■ Work to complete ■
An exact copy is needed of the lines in the entries below from the line with "Kajian dijalankan berhubung" up to and including the line with "Die TS 665-1", and of nothing else. Leave the pictures out.

---*---

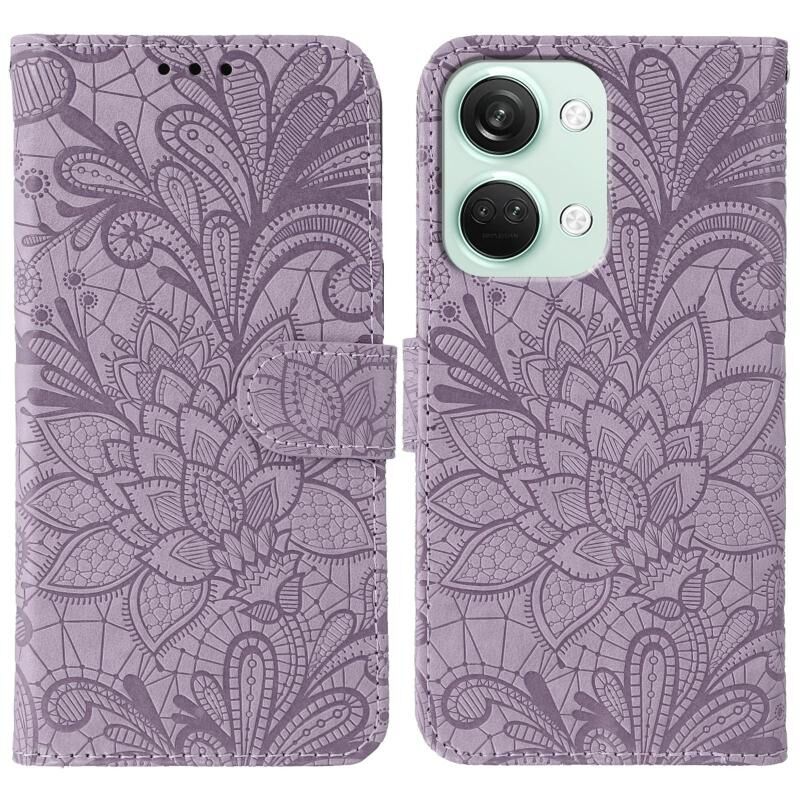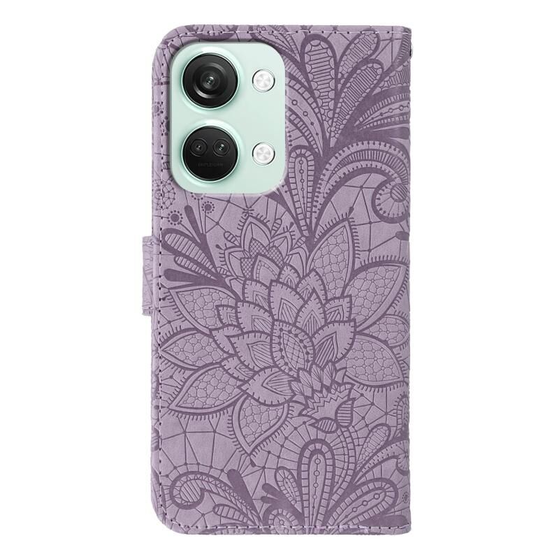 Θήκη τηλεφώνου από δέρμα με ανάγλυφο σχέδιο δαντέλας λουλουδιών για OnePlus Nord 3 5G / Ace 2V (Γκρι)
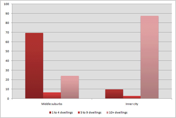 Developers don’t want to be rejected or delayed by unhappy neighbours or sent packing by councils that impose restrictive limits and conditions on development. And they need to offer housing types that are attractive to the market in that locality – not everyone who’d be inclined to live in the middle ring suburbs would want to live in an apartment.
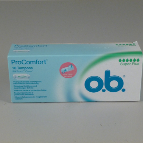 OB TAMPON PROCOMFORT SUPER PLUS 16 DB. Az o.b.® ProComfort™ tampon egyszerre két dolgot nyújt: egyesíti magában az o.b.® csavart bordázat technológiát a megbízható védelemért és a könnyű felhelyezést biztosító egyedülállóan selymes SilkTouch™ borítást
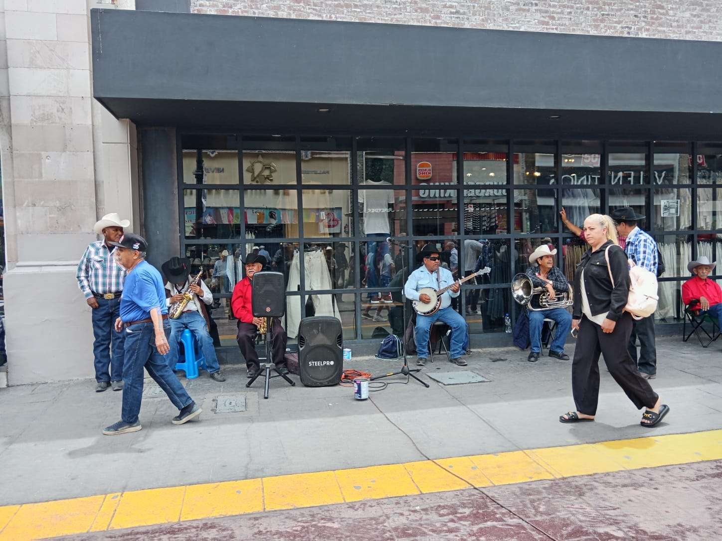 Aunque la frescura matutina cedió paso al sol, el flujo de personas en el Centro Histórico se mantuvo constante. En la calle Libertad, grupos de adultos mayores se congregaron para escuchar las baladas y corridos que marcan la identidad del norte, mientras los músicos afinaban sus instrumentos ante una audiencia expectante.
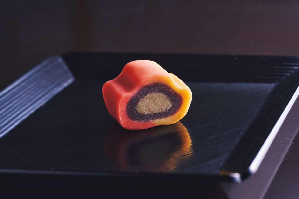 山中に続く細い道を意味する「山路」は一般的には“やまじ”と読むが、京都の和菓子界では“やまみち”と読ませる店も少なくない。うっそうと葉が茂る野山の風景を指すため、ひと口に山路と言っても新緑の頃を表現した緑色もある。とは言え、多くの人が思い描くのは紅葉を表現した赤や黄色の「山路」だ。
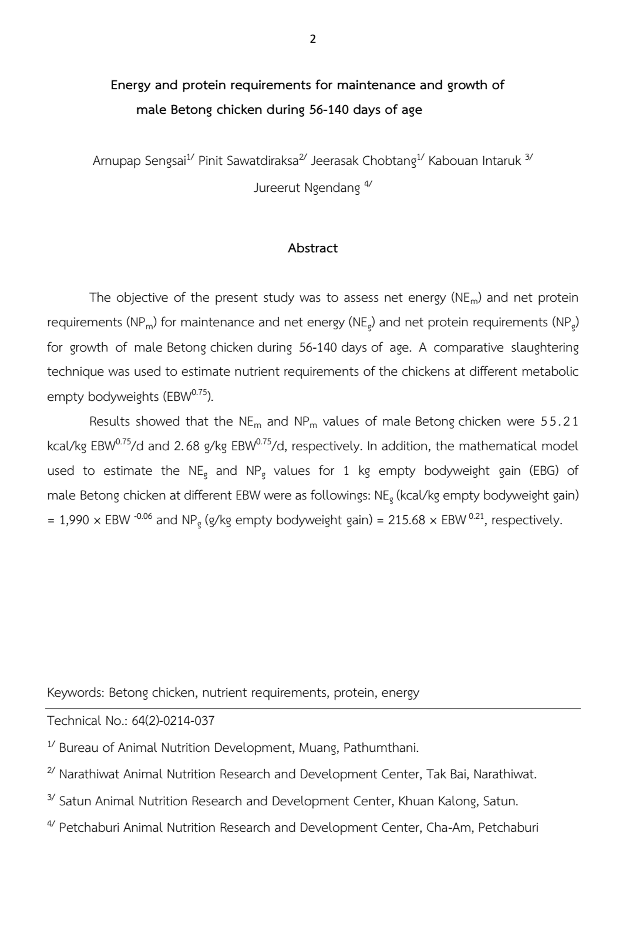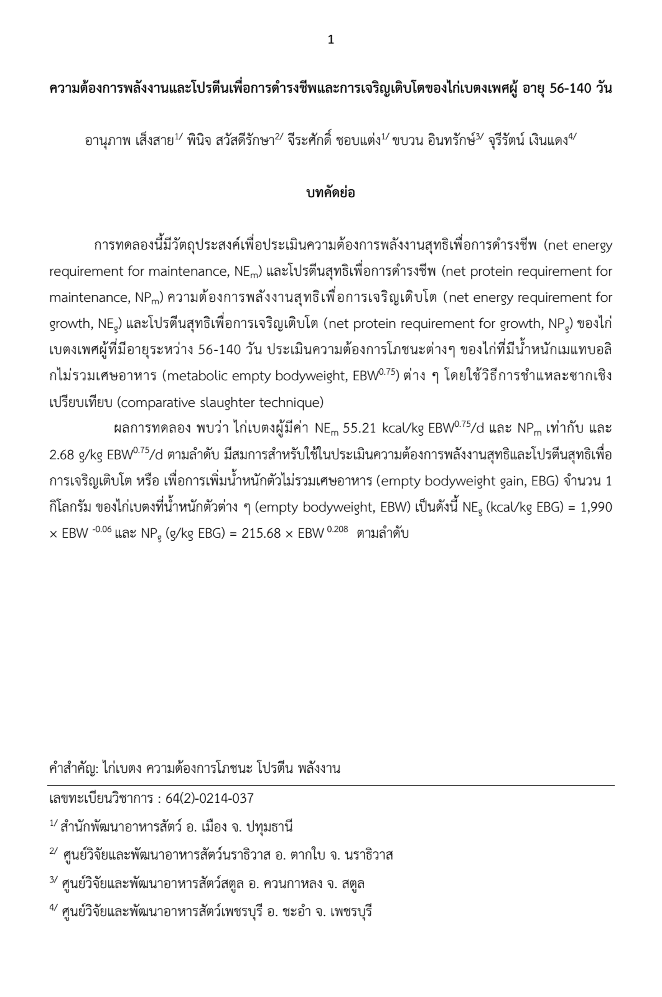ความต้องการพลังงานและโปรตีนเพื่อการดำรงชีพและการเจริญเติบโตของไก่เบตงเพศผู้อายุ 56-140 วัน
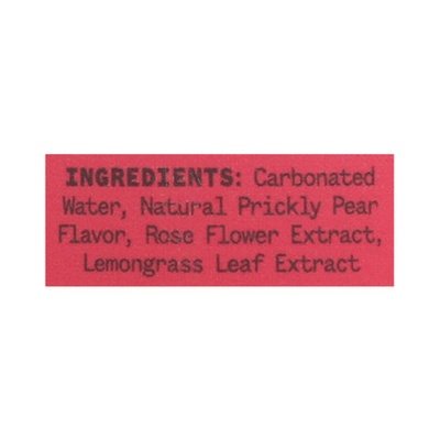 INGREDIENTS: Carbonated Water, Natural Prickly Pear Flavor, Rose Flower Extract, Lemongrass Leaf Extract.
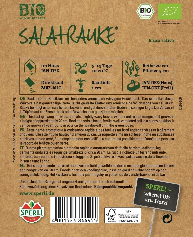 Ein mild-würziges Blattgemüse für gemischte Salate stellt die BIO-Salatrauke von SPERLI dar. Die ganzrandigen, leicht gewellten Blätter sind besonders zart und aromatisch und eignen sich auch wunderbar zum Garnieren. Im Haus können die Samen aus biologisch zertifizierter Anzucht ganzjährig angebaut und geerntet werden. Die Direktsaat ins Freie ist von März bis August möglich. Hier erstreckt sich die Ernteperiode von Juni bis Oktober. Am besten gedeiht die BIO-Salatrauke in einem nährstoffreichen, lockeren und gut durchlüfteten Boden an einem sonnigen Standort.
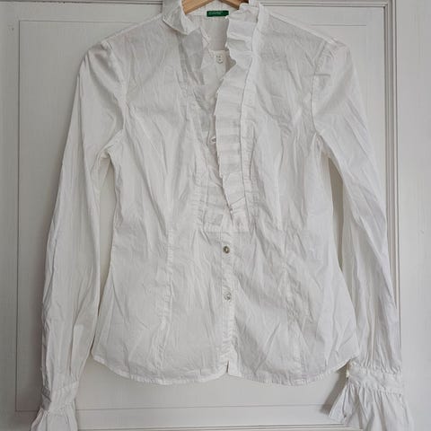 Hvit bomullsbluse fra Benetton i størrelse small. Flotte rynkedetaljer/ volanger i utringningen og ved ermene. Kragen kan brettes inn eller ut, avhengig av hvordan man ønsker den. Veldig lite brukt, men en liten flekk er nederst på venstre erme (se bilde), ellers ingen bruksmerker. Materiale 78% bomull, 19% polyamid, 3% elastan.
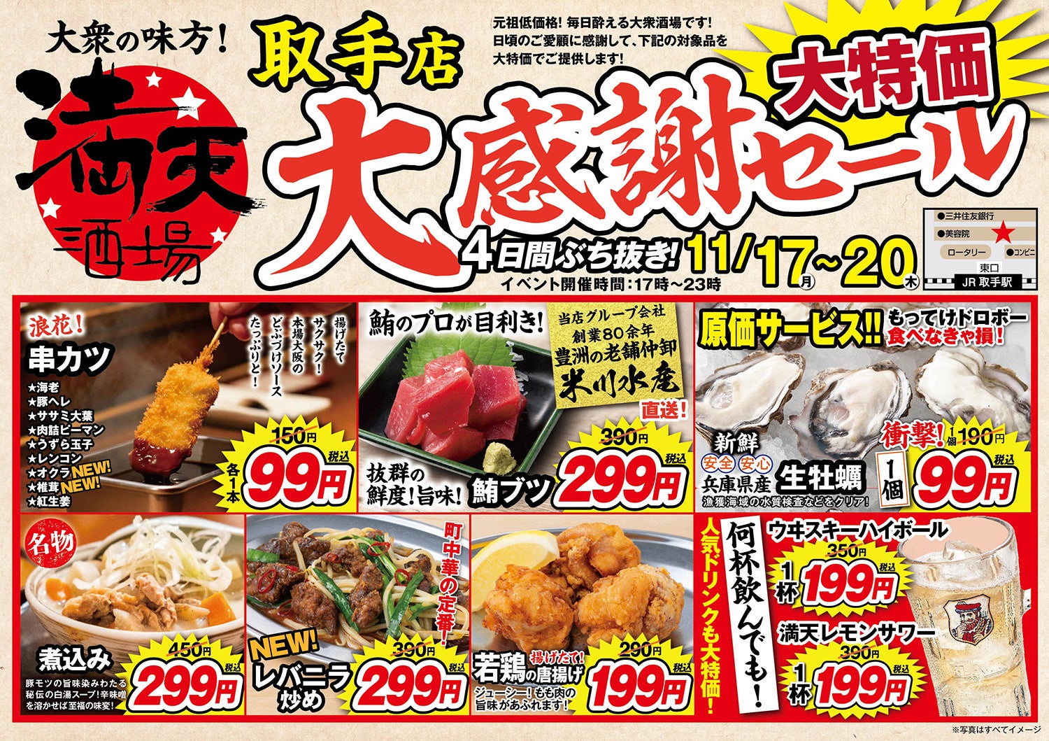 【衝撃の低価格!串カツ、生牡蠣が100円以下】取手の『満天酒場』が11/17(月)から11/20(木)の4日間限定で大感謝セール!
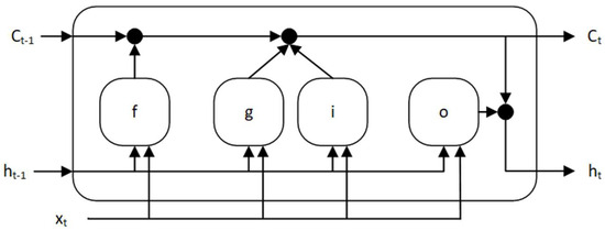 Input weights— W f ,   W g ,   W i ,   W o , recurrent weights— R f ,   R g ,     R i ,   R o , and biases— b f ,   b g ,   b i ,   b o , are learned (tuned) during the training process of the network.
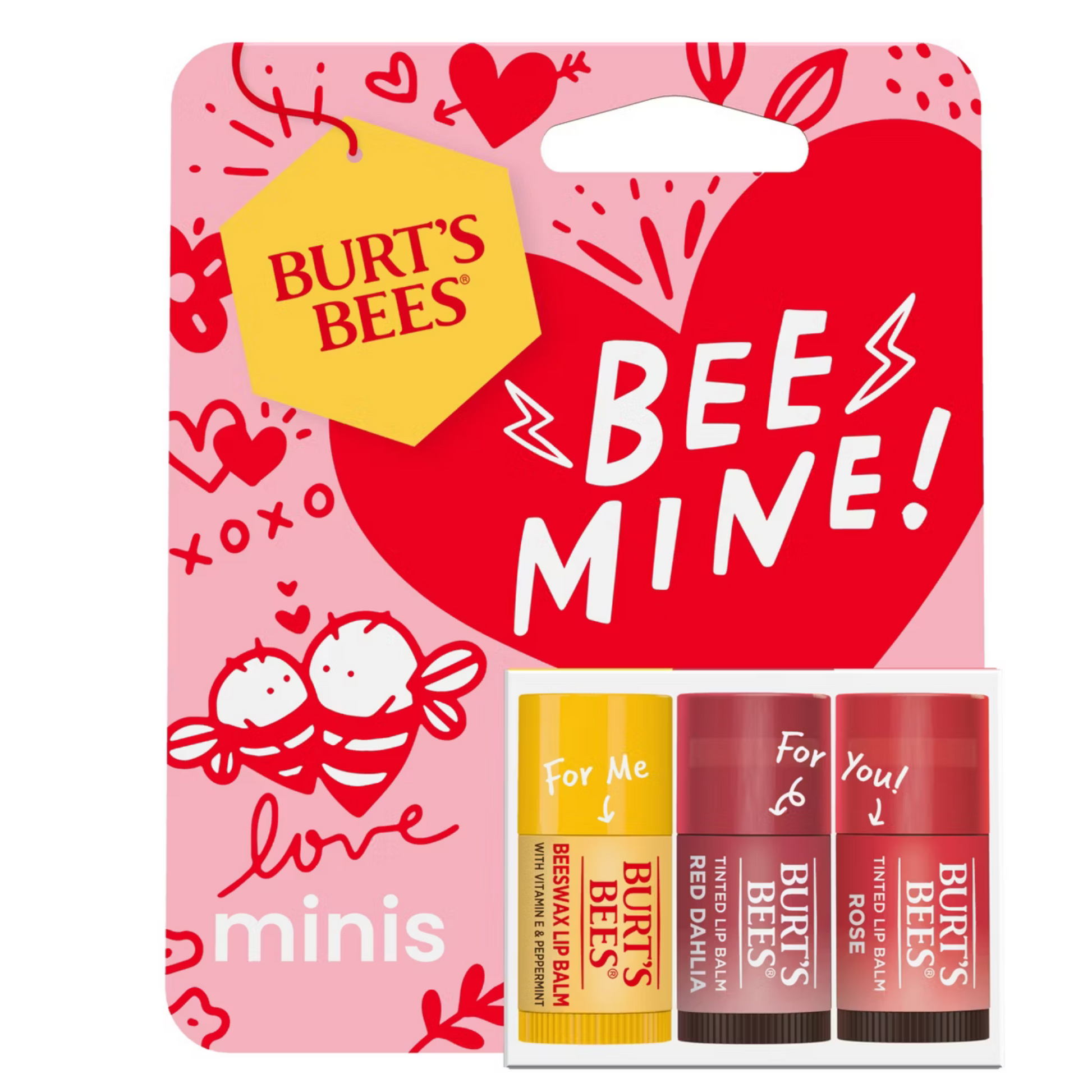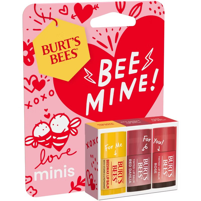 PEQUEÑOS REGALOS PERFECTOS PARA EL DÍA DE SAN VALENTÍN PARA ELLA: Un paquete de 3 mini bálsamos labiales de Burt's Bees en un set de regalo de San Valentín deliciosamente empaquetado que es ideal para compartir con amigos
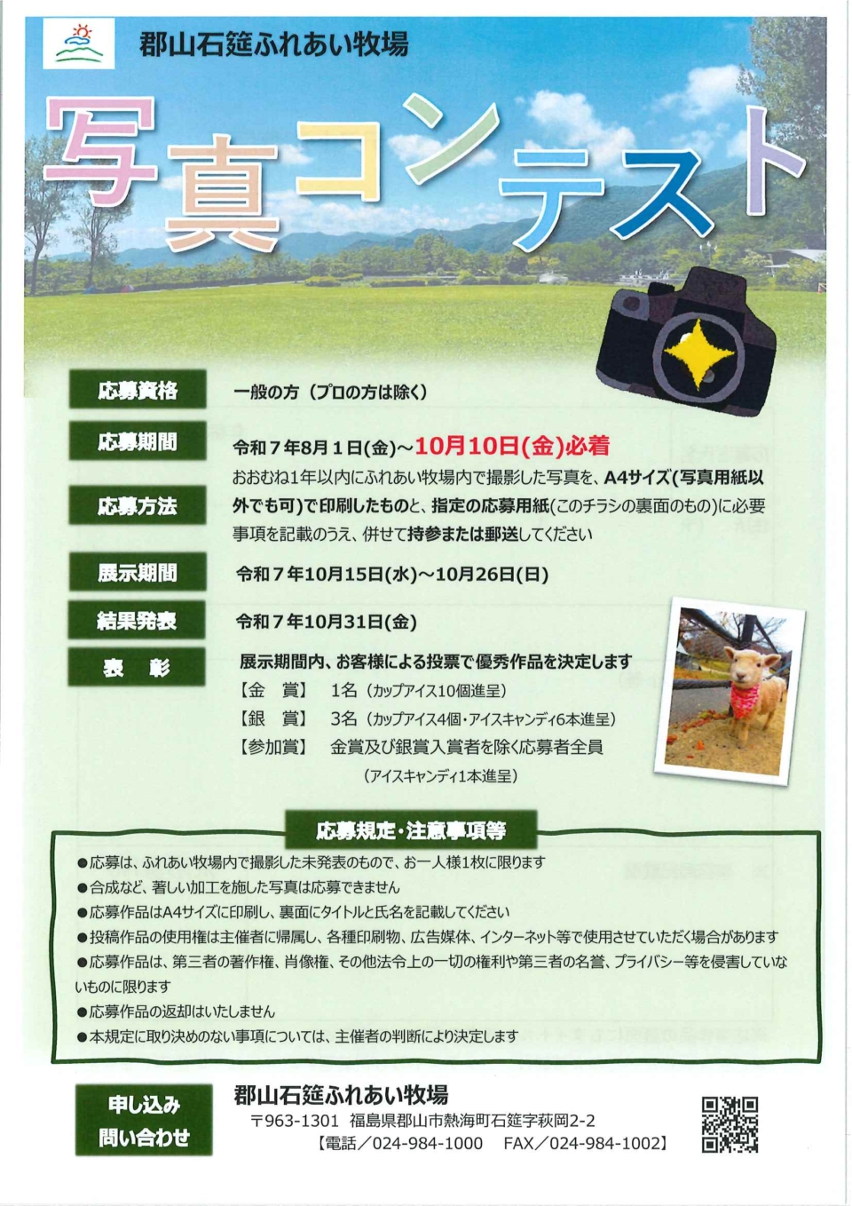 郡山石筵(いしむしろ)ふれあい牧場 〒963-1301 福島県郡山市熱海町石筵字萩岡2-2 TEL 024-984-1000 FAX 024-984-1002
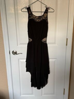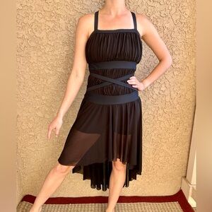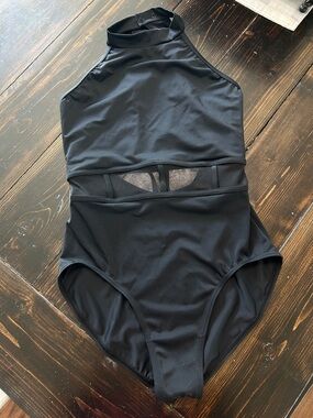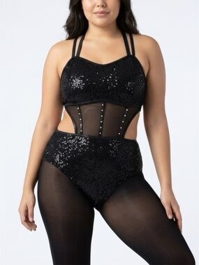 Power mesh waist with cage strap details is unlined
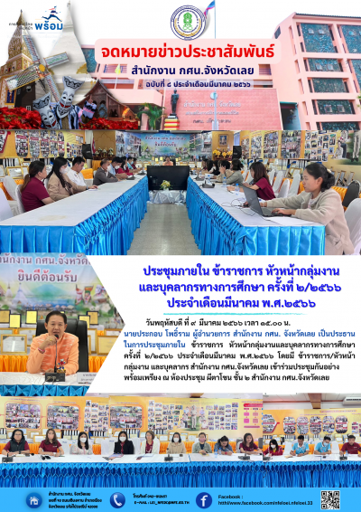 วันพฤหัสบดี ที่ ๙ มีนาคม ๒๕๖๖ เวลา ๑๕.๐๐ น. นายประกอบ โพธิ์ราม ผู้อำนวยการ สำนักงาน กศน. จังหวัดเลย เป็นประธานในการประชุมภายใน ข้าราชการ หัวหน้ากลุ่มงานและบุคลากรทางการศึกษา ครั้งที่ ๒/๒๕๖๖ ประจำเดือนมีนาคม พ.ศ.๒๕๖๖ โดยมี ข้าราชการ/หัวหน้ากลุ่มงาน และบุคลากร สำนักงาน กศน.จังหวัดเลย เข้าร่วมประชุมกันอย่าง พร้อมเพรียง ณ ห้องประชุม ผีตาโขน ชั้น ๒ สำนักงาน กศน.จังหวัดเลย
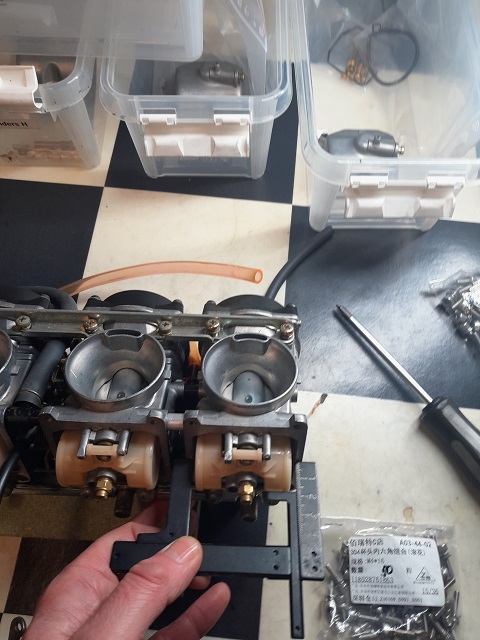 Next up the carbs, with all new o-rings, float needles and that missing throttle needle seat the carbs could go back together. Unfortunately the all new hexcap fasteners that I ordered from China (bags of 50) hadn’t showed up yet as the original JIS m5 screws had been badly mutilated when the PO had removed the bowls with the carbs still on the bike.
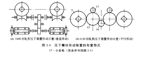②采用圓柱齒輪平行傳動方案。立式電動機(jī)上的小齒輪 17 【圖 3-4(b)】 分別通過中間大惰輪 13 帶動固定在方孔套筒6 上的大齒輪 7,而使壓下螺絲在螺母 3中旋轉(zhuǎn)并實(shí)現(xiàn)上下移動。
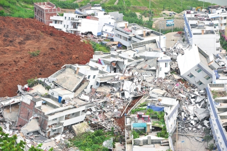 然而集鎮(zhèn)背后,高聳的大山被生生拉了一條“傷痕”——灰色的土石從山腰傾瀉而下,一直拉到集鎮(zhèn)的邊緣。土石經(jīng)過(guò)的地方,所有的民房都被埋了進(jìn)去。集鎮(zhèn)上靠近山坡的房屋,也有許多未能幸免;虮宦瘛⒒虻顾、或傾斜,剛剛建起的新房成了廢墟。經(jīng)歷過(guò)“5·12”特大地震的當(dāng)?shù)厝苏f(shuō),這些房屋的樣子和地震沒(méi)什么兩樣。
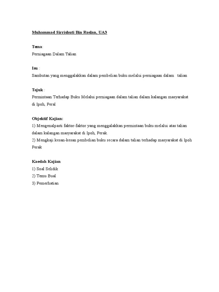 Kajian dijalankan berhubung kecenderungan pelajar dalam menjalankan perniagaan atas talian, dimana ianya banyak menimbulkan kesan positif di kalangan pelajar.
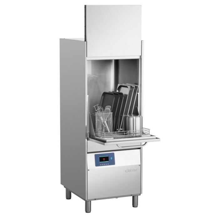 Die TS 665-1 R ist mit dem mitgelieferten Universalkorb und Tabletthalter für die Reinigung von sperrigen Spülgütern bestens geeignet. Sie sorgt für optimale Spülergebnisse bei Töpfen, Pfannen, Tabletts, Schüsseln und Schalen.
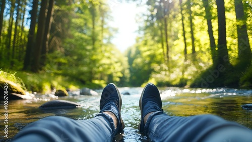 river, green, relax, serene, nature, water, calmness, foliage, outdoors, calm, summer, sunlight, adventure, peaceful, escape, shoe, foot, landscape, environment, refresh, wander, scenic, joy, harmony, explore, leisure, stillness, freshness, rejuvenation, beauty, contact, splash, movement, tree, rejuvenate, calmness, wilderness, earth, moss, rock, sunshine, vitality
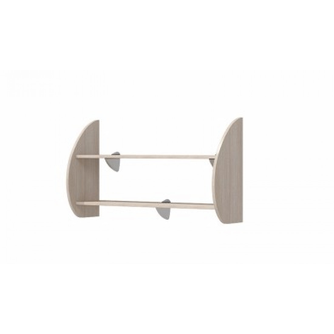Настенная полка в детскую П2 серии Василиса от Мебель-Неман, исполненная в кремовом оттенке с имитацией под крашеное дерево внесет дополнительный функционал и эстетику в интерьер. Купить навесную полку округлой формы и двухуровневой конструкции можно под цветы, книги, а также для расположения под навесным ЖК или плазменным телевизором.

---*---

■ Task output ■
 Kajian dijalankan berhubung kecenderungan pelajar dalam menjalankan perniagaan atas talian, dimana ianya banyak menimbulkan kesan positif di kalangan pelajar.
 Die TS 665-1 R ist mit dem mitgelieferten Universalkorb und Tabletthalter für die Reinigung von sperrigen Spülgütern bestens geeignet. Sie sorgt für optimale Spülergebnisse bei Töpfen, Pfannen, Tabletts, Schüsseln und Schalen.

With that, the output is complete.